Figure 1. (left) Object identified based on class probability. (Middle) Objects detected based on bounding boxes. (Right) Object tracked across frames.

There has been a proliferation of networks that address these tasks effectively, often using convolutional neural networks. Successive frames of data are typically run through these networks to generate results of interest. High-performance applications are built on pipelines that optimally feed neural networks with decoded video frames in the required resolution and format to maximize throughput. Scalability requires multiple video streams to be processed in parallel to derive superior channel density (the number of channels of video processed in a given (rack) space). Using deep learning for video analytics is computationally expensive,  and the requirements are even more stringent for live video since it often involves real-time analysis using custom logic and flexible workflows.

DeepStream’s key value is in making deep learning for video easily accessible, to allow you to concentrate on quickly building and customizing efficient and scalable video analytics applications. DeepStream is part of the NVIDIA Metropolis platform, which provides a uniform architecture for building intelligent edge-to-cloud video analytics systems.

DeepStream Video Analytics Workflow

Figure 2 shows a typical application pipeline using DeepStream. The stages provided by the SDK are shown in green and distinguished from those implemented by the user, which are shown in blue. The user is only responsible for parsing and injecting the video into the pipeline, providing a deep learning network and consuming the inference results coming out of the pipeline.

Figure 2. The DeepStream pipeline.
Figure 2. The DeepStream pipeline.

The DeepStream SDK provides modules that encompass decode, pre-processing and inference of input video streams, all finely tuned to provide maximum frame throughput. The decode module accepts video encoded in H.264, H.265, and MPEG-4 among other formats and decodes them to render raw frames in NV12 color format. Video decoding uses the hardware-accelerated NVIDIA Video Codec SDK.

The pre-processing stage converts the color format from NV12 to BGR, and also resizes the frames to the resolution required by the neural network being used. Color space conversion and scaling uses a combination of custom CUDA kernels and NVIDIA Performance Primitives (NPP) library functions.

The inference module processes the frames in batches using a neural network imported and executed using TensorRT, which optimizes them for high throughput and low latency with best-in-class power efficiency. DeepStream currently supports Caffe-based networks; TensorFlow support will be added in the near future.

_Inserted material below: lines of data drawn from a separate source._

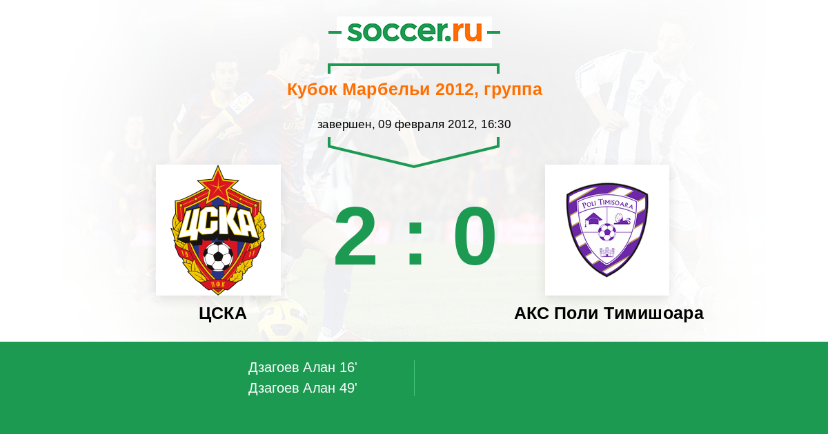 Протокол матча ЦСКА против АКС Поли Тимишоара
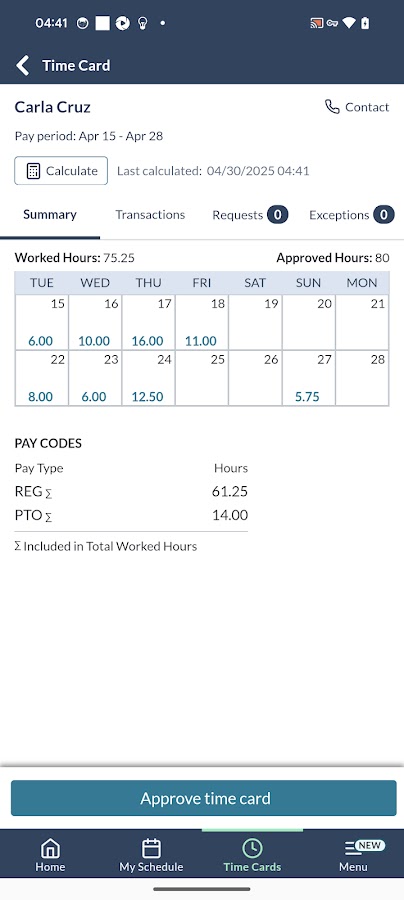 • Просматривайте предупреждения о пропущенных часах и предотвратимых сверхурочных часах, одобряйте часы, календари и карточки учета рабочего времени сотрудников, а также добавляйте, редактируйте или удаляйте часы и календари сотрудников.
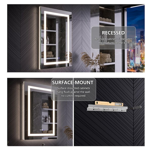24 in. W x 36 in. H Rectangular Silver Aluminum Recessed/Surface Mount Left Hinge Dimmable Medicine Cabinet with Mirror
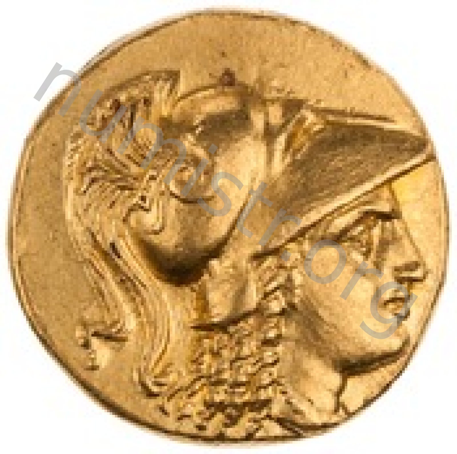 Head of Athena right wearing Corinthian helmet with crest -[en]
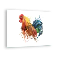 Glasbild - Bild auf glas - Aquarell Hahn in lebendigen Farben auf weißem Hintergrund - 70x50cm - Königliches Gewand, königlicher Stolz - Moderne Wanddekoration für Wohnzimmer und Schlafzimmer ARTTOR
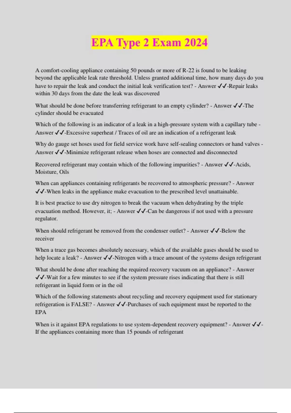 EPA Type 2 Exam 2024 A comfort-cooling appliance containing 50 pounds or more of R-22 is found to be leaking beyond the applicable leak rate threshold. Unless granted additional time, how many days do you have to repair the leak and conduct the initial leak verification test? - Answer ️️ -Repair leaks within 30 days from the date the leak was discovered What should be done before transferring refrigerant to an empty cylinder? - Answer ️️ -The cylinder should be evacuated Which of the following is an indicator of a leak in a high-pressure system with a capillary tube - Answer ️️ -Excessive superheat / Traces of oil are an indication of a refrigerant leak Why do gauge set hoses used for field service work have self-sealing connectors or hand valves - Answer ️️ -Minimize refrigerant release when hoses are connected and disconnected Recovered refrigerant may contain which of the following impurities? - Answer ️️ -Acids, Moisture, Oils When can appliances containing refrigerants be recovered to atmospheric pressure? - Answer ️️ -When leaks in the appliance make evacuation to the prescribed level unattainable. It is best practice to use dry nitrogen to break the vacuum when dehydrating by the triple evacuation method. However, it; - Answer ️️ -Can be dangerous if not used with a pressure regulator. When should refrigerant be removed from the condenser outlet? - Answer ️️ -Below the receiver When a trace gas becomes absolutely necessary, which of the available gases should be used to help locate a leak? - Answer ️️ -Nitrogen with a trace amount of the systems design refrigerant What should be done after reaching the required recovery vacuum on an appliance? - Answer ️️ -Wait for a few minutes to see if the system pressure rises indicating that there is still refrigerant in liquid form or in the oil Which of the following statements about recycling and recovery equipment used for stationary refrigeration is FALSE? - Answer ️️ -Purchases of such equipment must be reported to the EPA When is it against EPA regulations to use system-dependent recovery equipment? - Answer ️️ - If the appliances containing more than 15 pounds of refrigeran
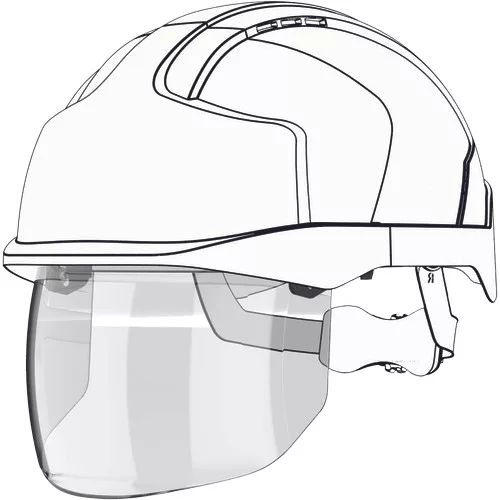 » csere látómező az EVO®VISTAshield® sisakhoz » EN 166 1 AT KN (1. optikai osztály, karcálló bevonat, párásodásgátló réteg, nagy energiájú szemcsék elleni védelem) »
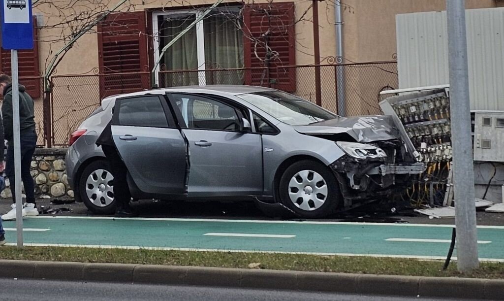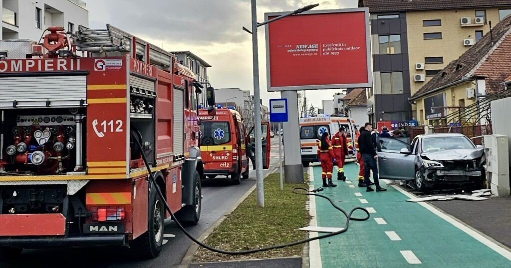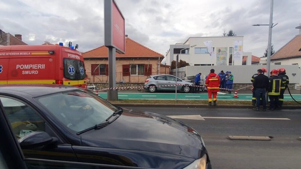 Accident rutier pe Calea Dumbrăvii din municipiul Sibiu, acolo unde o mașină a rupt și un tablou electric.

The modules are tightly integrated to ensure judicious use of data transfers and software synchronization, while extracting maximum hardware concurrency.

DeepStream User API

DeepStream provides a C++ API, at the core of which are three entities: modules that serve as individual building blocks of the pipeline, the device worker that encapsulates the whole pipeline itself, and tensors to communicate between modules. Modules represent stages in the pipeline, and can be categorized as either pre-defined (decoder, pre-processing, and inference) or user-defined modules that add custom logic.

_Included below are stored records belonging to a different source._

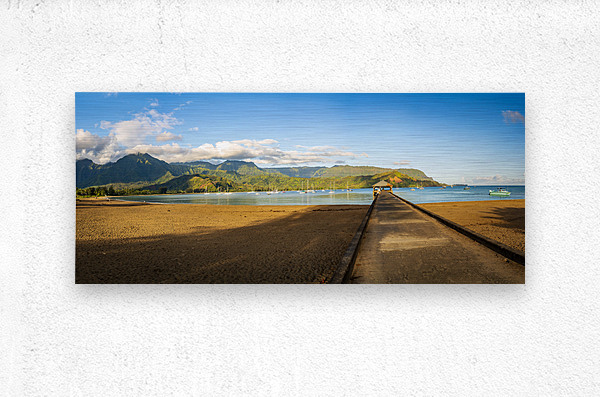 Get this artwork "Panorama of the sandy beach and Hanalei Pier at sunrise" in a framed print.
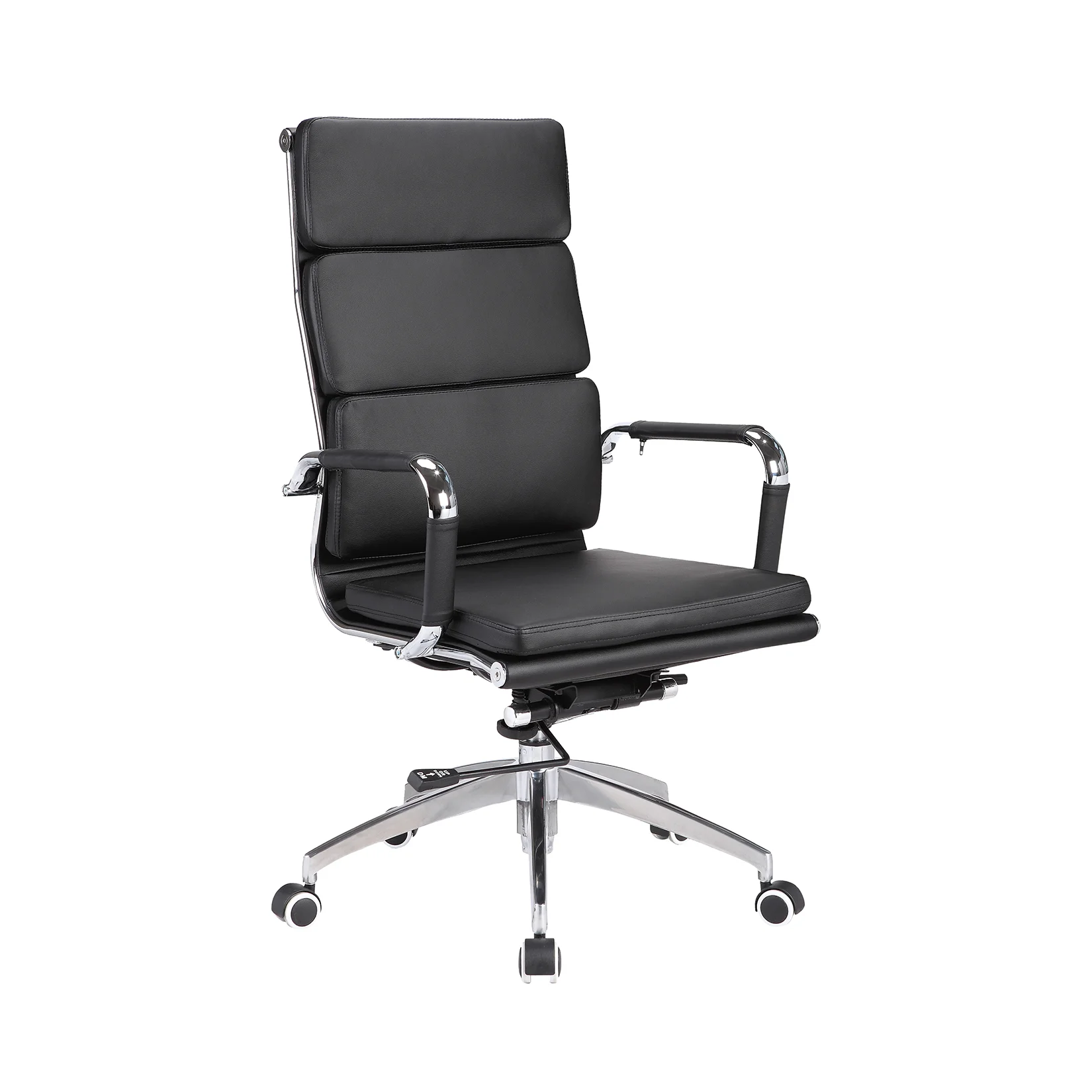 Silla de oficina en polipiel negra con respaldo y asiento acolchados, diseñada para brindar máxima comodidad. Cuenta con sistema basculante para ajustar la inclinación. Su estructura metálica garantiza durabilidad y estabilidad, mientras que las ruedas de silicona permiten un desplazamiento suave y son aptas para todo tipo de suelos. Una opción elegante y funcional para cualquier entorno laboral.
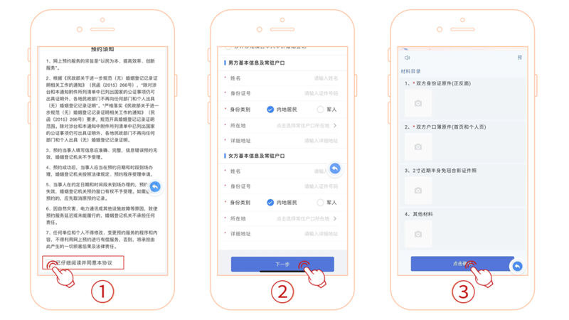 阅读“预约须知”后,勾选“已仔细阅读并同意本协议”并点击“确定”按钮。根据提示,填写男女双方基本信息,并上传相关材料。
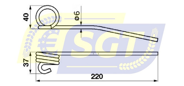Запчастини для жатки зернозбирального комбайна Claas. Пружина мотовила L=220, код 800021. Діаметр проволоки становить 6 мм. Підходить для багатьох старих моделей Claas, таких як EUROPA, COMET, COSMOS, COMPACT, MERCUR, MATADOR, CONSUL, PROTECTOR, MERCATOR, SENATOR, DOMINATOR 68, 76, 80, 86, 96, 105, 106 та інші.

To build a pipeline, you create an instance of the device worker by calling createDeviceWorker():

// Create a deviceWorker on a GPU device, the user needs to set the channel number. 
IDeviceWorker *pDeviceWorker = createDeviceWorker(g_nChannels, g_devID);

Then you enable and configure the pre-defined stages of the pipeline by defining the input codec type for decoding, the color format to be output by the pre-processing stages, and the network details for the inference model.

// Add decode task, the parameter is the format of codec. pDeviceWorker->addDecodeTask(cudaVideoCodec_H264);

// Add post processing task and define color format for inference

// Enable inference module and define model details
pDeviceWorker->addInferenceTask(preModule_infer, deployFile, modelFile, meanFile,
                                   inputLayerName, outputLayerNames);

The application is now ready to run.

//finally, start the pipeline!

Custom Pipelines

You can extend this model by adding user-defined modules to the pipeline. Creating a module involves defining its inputs, execution routine and output tensor(s). You can extend and configure pipelines by connecting output tensors to appropriate inputs in subsequent modules. Tensors have shape and data type attributes, as well as a “memory type” of either CPU or GPU that allows data associated with them to be handled and copied appropriately. The data type of an input tensor must match the type expected by a module.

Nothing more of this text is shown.